Pandas version checks
-
[X] I have checked that this issue has not already been reported.
-
[X] I have confirmed this bug exists on the latest version of pandas.
-
[X] I have confirmed this bug exists on the main branch of pandas.
Reproducible Example
import pandas as pd
pd.options.mode.copy_on_write = True
def df_merge(
left,
right,
how: Literal["left", "right", "inner", "outer", "cross"] = "inner",
on=None,
left_on=None,
right_on=None,
left_index: bool = False,
right_index: bool = False,
sort: bool = False,
suffixes=("_x", "_y"),
copy: bool = True,
indicator: bool = False,
validate=None,
):
if not pd.api.types.is_dtype_backend(left, "pyarrow"):
left = pa.Table.from_pandas(left).to_pandas()
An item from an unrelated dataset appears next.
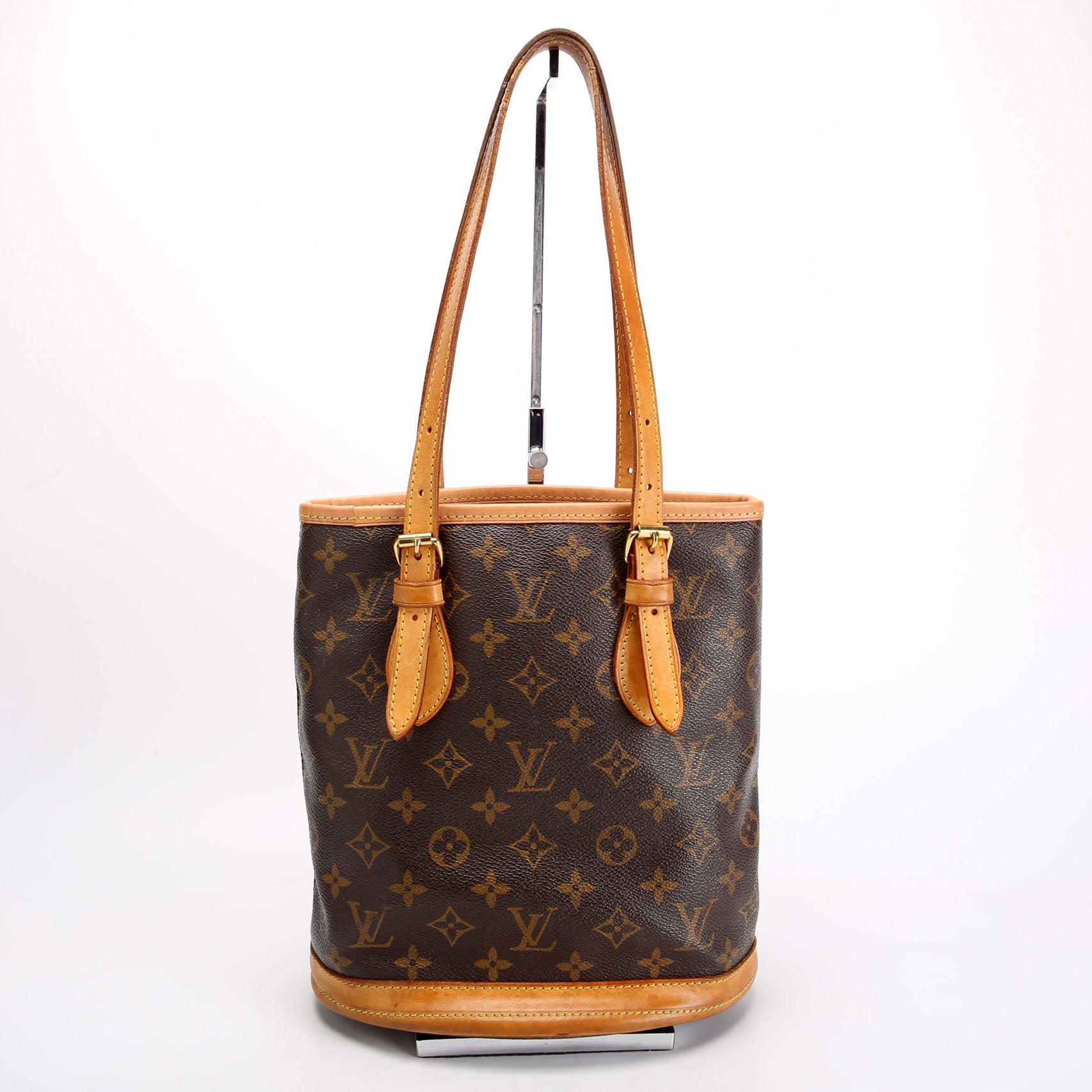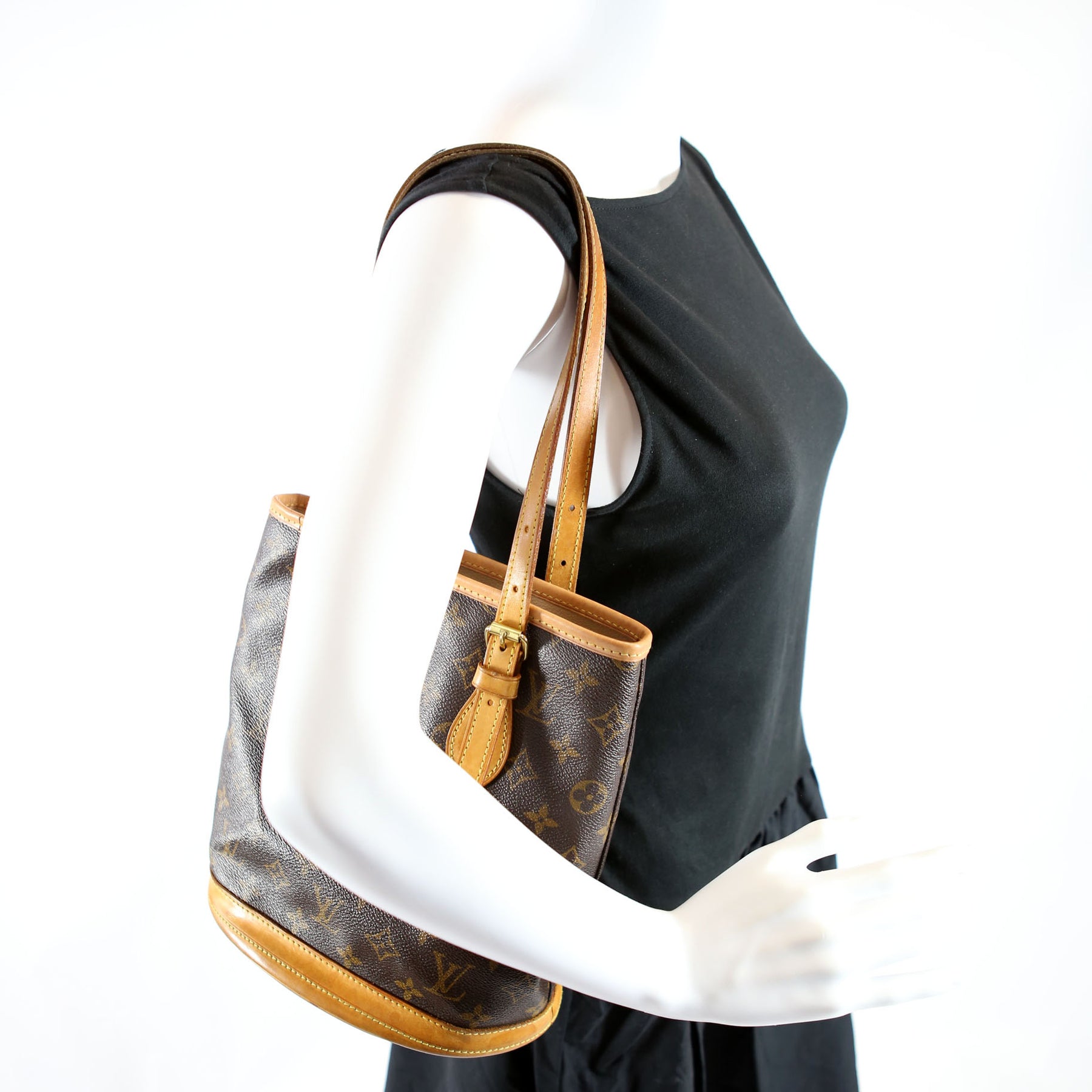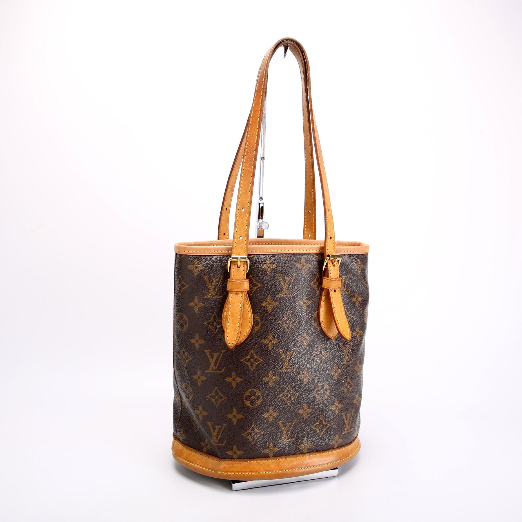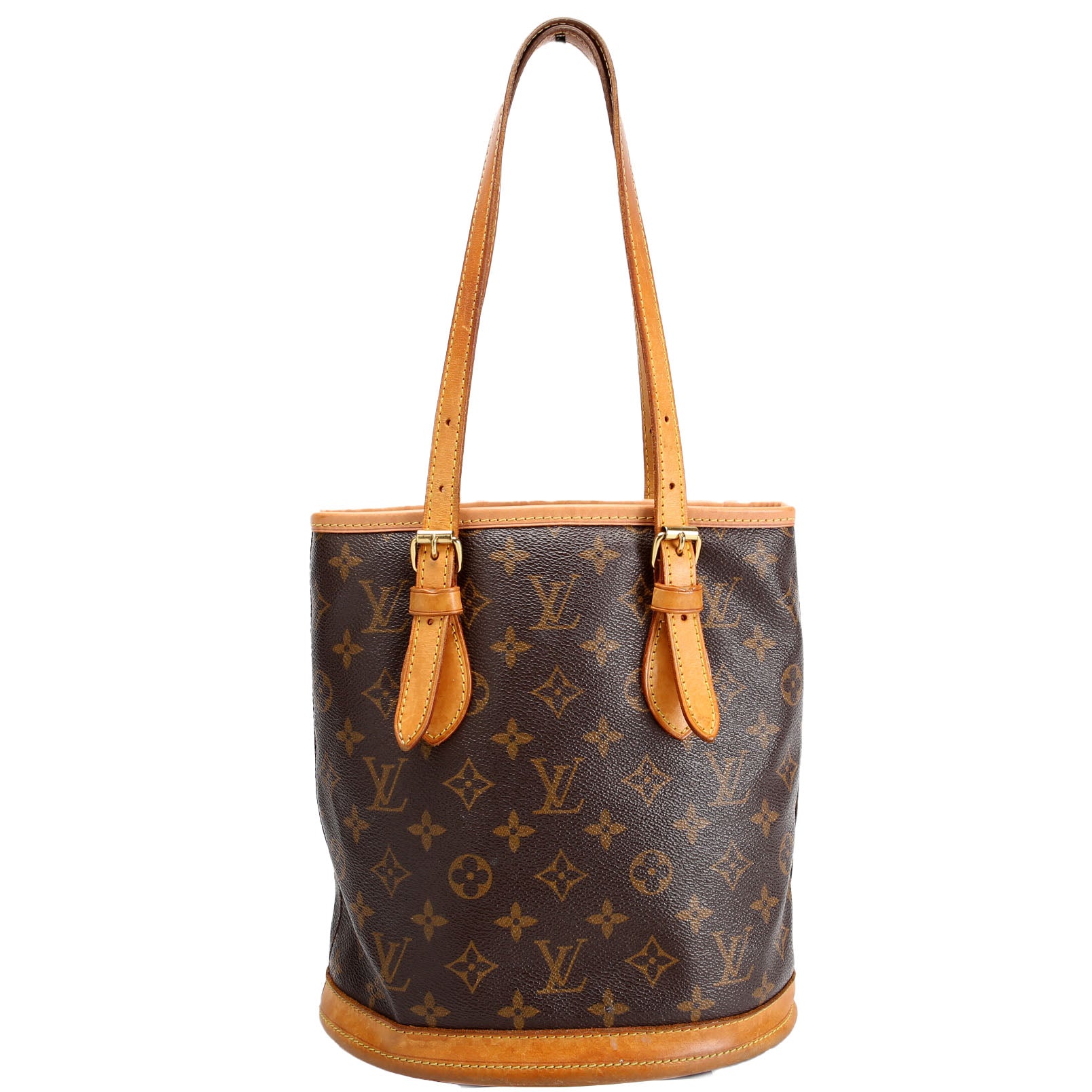 This pre-owned Louis Vuitton Petit Bucket is guaranteed 100% authentic. The exterior is in the classic Coated Canvas Monogram

if not pd.api.types.is_dtype_backend(right, "pyarrow"):
right = pa.Table.from_pandas(right).to_pandas()
Issue Description
I have a python project use pickle file ,pandas2.1, when it run in x86 centos7,cost 107s, but only need 71s in mac m2, and I upgrade pandas to 2.2.3,and set:pd.options.mode.copy_on_write = True and edit function df_merge(which is the most cost time fuciton), change df to arrow first。 then only need 35s。 but,same in x86 centos7,still need 100s,why arrow not work?
Expected Behavior
use arrow twice quickly in x86 centos7,but no effect!
Installed Versions
2.2.3
Comment From: speco29
There can be few reasons for that like: Pandas Options: Double-check the Pandas options you're using. Sometimes, tweaking options like pd.options.mode.chained_assignment or pd.options.mode.use_inf_as_na can have an impact on performance.
Arrow Installation: Ensure that Arrow is properly installed and configured on your CentOS 7 system. Sometimes, missing dependencies or incorrect configurations can affect performance
Comment From: wonb168
but,same data and code,faster in mac,not work in x86 server
Comment From: wonb168
How to set default backend to arrow for dataframe in Pandas2.2.3? and if df not arrow backend,and how to change it to?
Comment From: jbrockmendel
and if df not arrow backend,and how to change it to?
There is no flag to change the default. You can specify dtype="int64[pyarrow]"
explicitly or convert to arrow with df = df.convert_dtypes(dtype_backend="pyarrow")
To diagnose the performance difference it would be helpful to see cProfile output.